# Thin Hot BBQ SANDWICH Sauce Recipe



## Will_Crump (Sep 19, 2018)

I live in West Tennessee. Any of you who live in this area have at some point ate a BBQ sandwich sold by these little roadside BBQ shacks. I'm not talking about chain restaurants like Corky's, etc.  I'm talking about these little "hole-in-the-wall" dives that are small and humble, but have the most amazing meat and sandwich sauce.

For years I have been trying to find a recipe that makes this thin, hot flavorful sauce for my own home use, but all I can ever find are recipes for sauces that are meant to be used for cooking ribs, chicken, etc.

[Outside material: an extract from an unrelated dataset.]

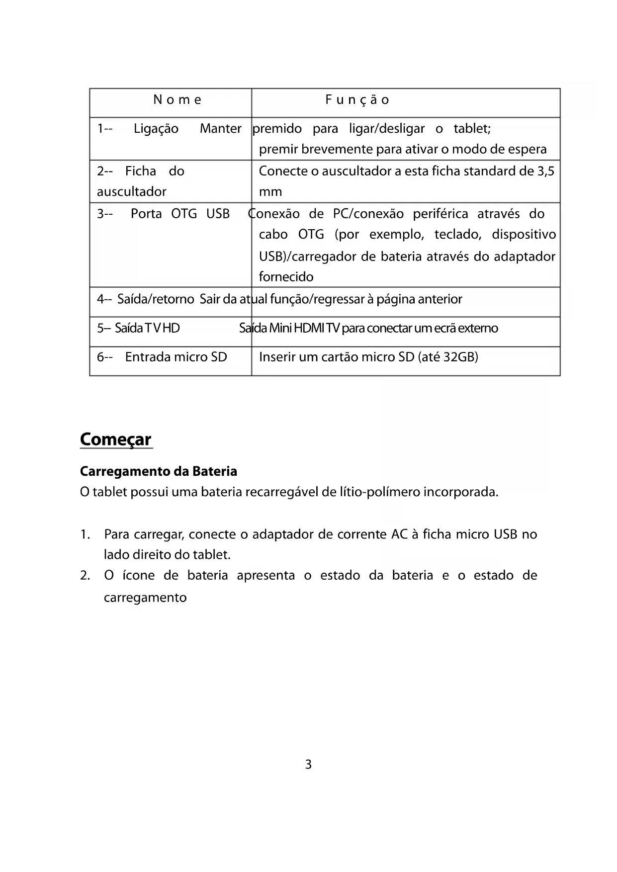 | 3-- Porta OTG USB | Conexão de PC/conexão periférica atraves do cabo OTG (por exemplo, teclado, dispositivo USB)/carregador de bateria atraves do adaptorforcedico |

I want to find a recipe for that thin delicious barbecue sauce signature to these little roadside BBQ shacks.  Any ideas?


----------



## SonnyE (Sep 19, 2018)

Hi Will, Welcome to SMF!

I don't know, but what comes to mind is thinner type BBQ sauces like some of the commercially available ones.
But I went looking and found some really interesting ones, including a Memphis one.
Check out these Top 10 Pulled Pork BBQ Sauces.

Makes me hungry to roast some pork....


----------



## Will_Crump (Sep 19, 2018)

Thanks, Sonny!! :-)
I am so glad I found this place and people who are willing to help.  I guess it's understandable, but competition pit masters only sell their recipes and knowledge while restaurant owner's clam up as if guarding an ancient Chinese secret.


----------



## gmh313 (Sep 19, 2018)

1/2 gallon apple cider vinegar
1.5 cups sugar
2 cups ketchup preferably made with no high fructose
1/2 cup worcestershire
4 tablespoons crushed red flakes
3 teaspoons chili powder
table spoon cumin
2 teaspoon onion
2 teaspoon garlic
couple extra shakes of hotsauce to taste

mix all up, bring to a simmer and you're good to go. The vinegar keeps it safe to store at room temp for weeks, you'll go through it quicker than you think. Used it on my pulled pork for the boys on Monday...worked well.


----------



## SonnyE (Sep 19, 2018)

Will_Crump said:


> Thanks, Sonny!! :)
> I am so glad I found this place and people who are willing to help.  I guess it's understandable, but competition pit masters only sell their recipes and knowledge while restaurant owner's clam up as if guarding an ancient Chinese secret.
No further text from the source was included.